The Standing Committee tabled its report less than three months after completing its deliberations. While recommending basically that the legislation enacted in 2000 be maintained, the Committee also mentioned a number of minor changes that could be made to the Act. Such was also the thrust of the report made public, on behalf of the Government of Canada, by the Minister of Industry, who had introduced the legislation back in 2000; the Minister said in essence that the Act would stand the test of time. In response to the amendments proposed by the House of Commons Standing Committee, the government undertook to hold consultations in a number of circles, including with the Privacy Commissioner, with a view to forging a consensus in that regard.

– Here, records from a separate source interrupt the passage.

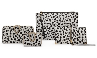 柔らかみのあるシルエットが特徴の「ベイリー」は、ダルメシアンプリントを存分に楽しめるデザイン。開口部のジッパーに配した揺らめくゴールドのチェーンがエレガントなアクセントになっており、ショルダーストラップ付きで2WAYで使用が可能。パリシックをモダンに解釈した「アリス」は、ブラックを基調にダルメシアンプリントを絶妙なバランスで使用。デイリーユースしやすい洗練された雰囲気なのがうれしい。「アリソン」は、ダルメシアンプリントを使用することで新鮮なイメージに変身。ビジネスバッグとしても重宝する使いやすいサイジングが魅力だ。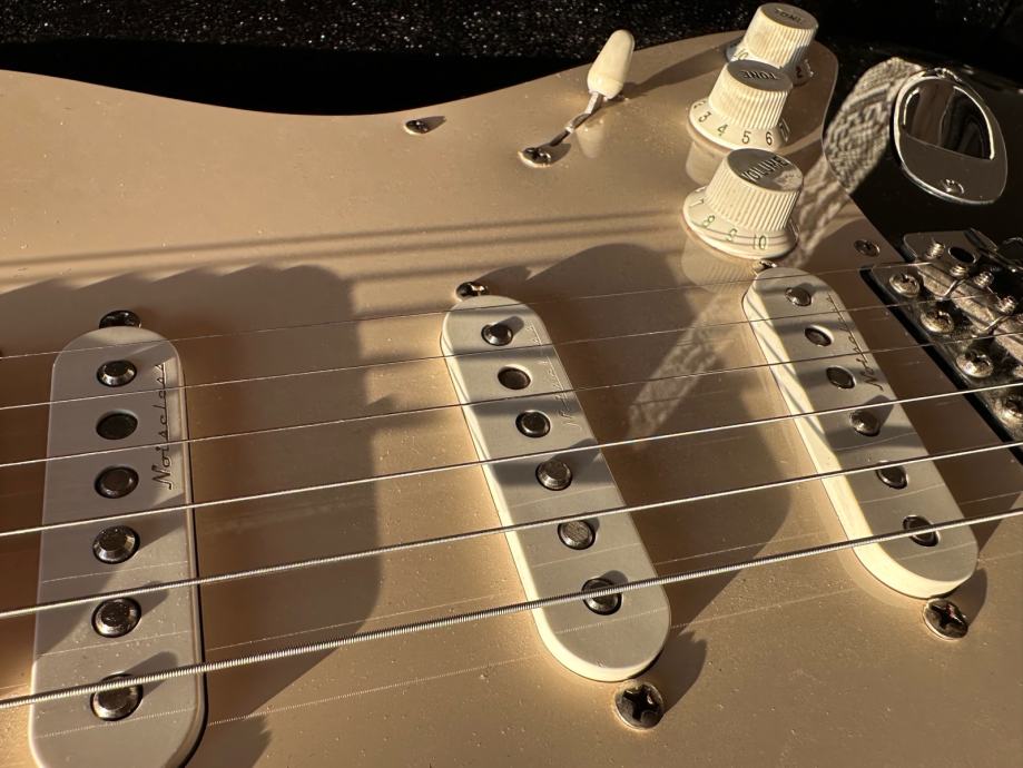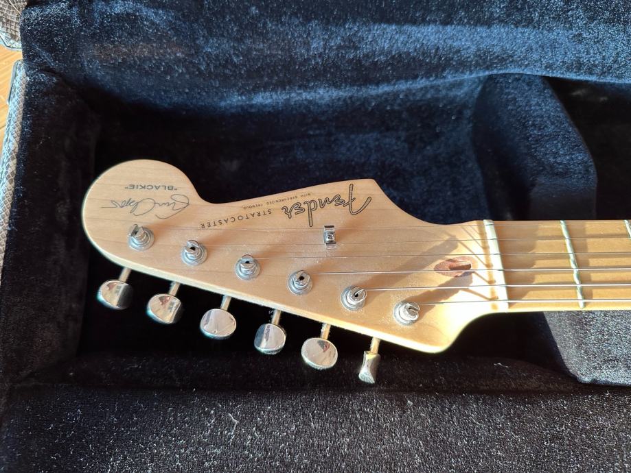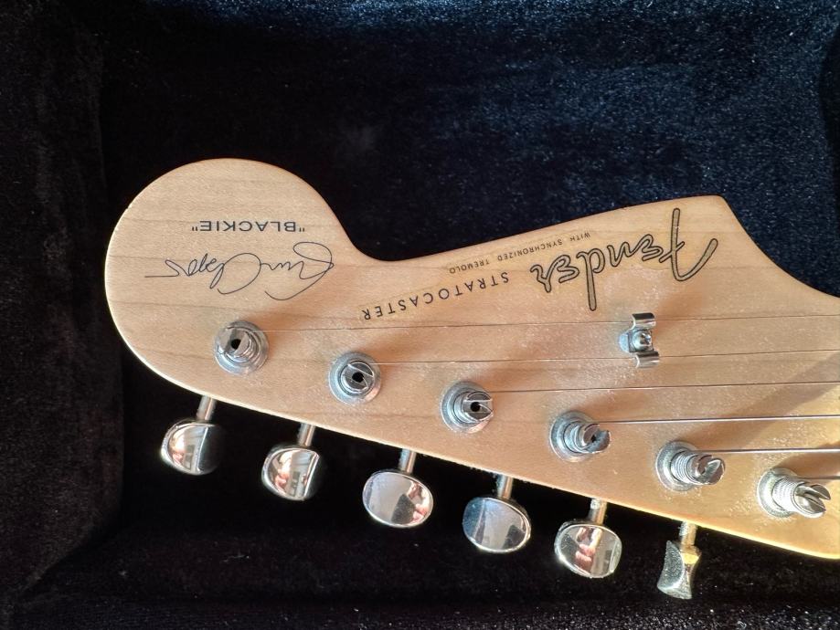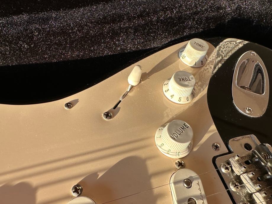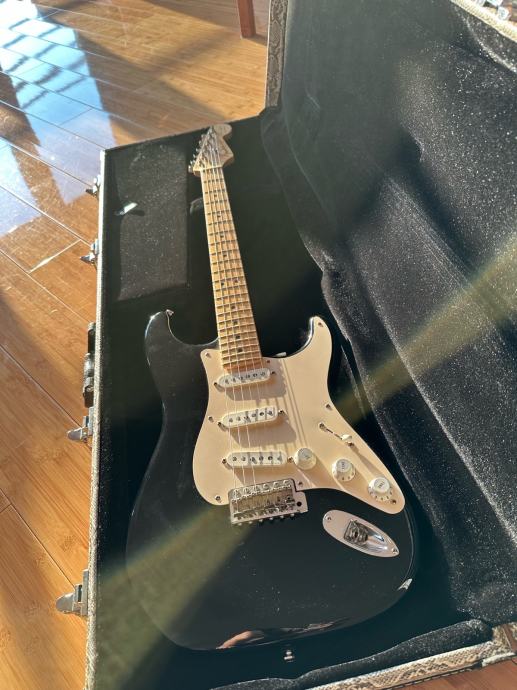 Prodajem Fender Stratocaster Eric Clapton Blackie Signature model, Made in USA. Gitara je iz 2006. godine, vrlo malo svirana i fantastično očuvana. Vintage noiseless pickupi, V shape neck, aktivni TBX sustav s aktivnim tone potenciometrom i mid boost-om. Mint stanje, predivan zvuk, odlično setupirana, meka za svirati, pragovi u dobrom stanju, sve originalno.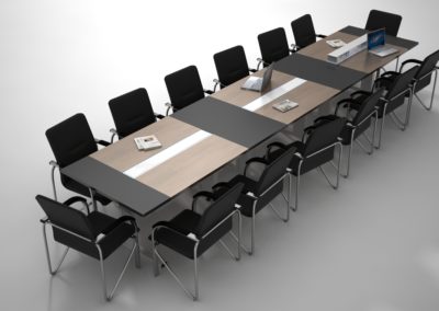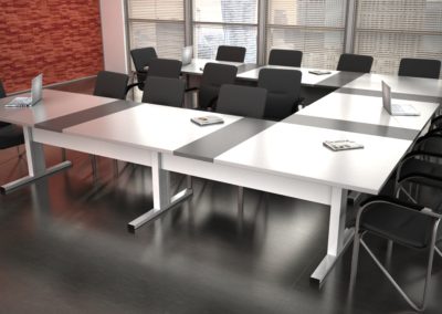 Bardzo nowoczesny, obszerny i oszczędny w formie stół Boston to uniwersalny konferencyjny wybór do niewielkiej sali ale także składający się z kilku modułów ustawionych w literę L, literę U bądź w kwadrat zaspokoi potrzeby nawet kilkudziesięciu użytkowników w jednym momencie. Prosta linia nóg połączona ze skrojonymi z precyzją blatami ubranymi w odpowiednie kolory będą idealnym wyposażeniem każdej sali konferencyjnej.

In 2003, the government decided to re-examine the relevance of the administrative and legislative separation of the regimes governing access to information and privacy. In each of the provinces, those two regimes are joined, after the precedent set by Quebec in 1982. Following a study during which the Honourable Gérard La Forest, a former justice of the Supreme Court of Canada, heard testimonies from experts, senior civil servants, and civil society representatives, the status quo was recommended. As a result, the Privacy Commissioner continues to be an independent entity responsible for oversight of legislation governing the protection of personal information in the public and private sectors.

When the Privacy Act was enacted in 1982, Parliament committed to reviewing its relevance after five years had elapsed. In 1987, it kept its word: a House of Commons committee spent several sessions studying the Act, which was still seen as pioneering legislation in the western world. For a variety of reasons, no further action was taken.

A short while ago, in the fall of 2005, the committee responsible for following up on the personal information file took up the torch once again. At the committee’s invitation, the Privacy Commissioner compiled a detailed report in 2006 to give tangible impetus to the MPs’ work. In April 2008, the Commissioner tabled another report in which she proposed 10 amendments to the Privacy Act of 1982.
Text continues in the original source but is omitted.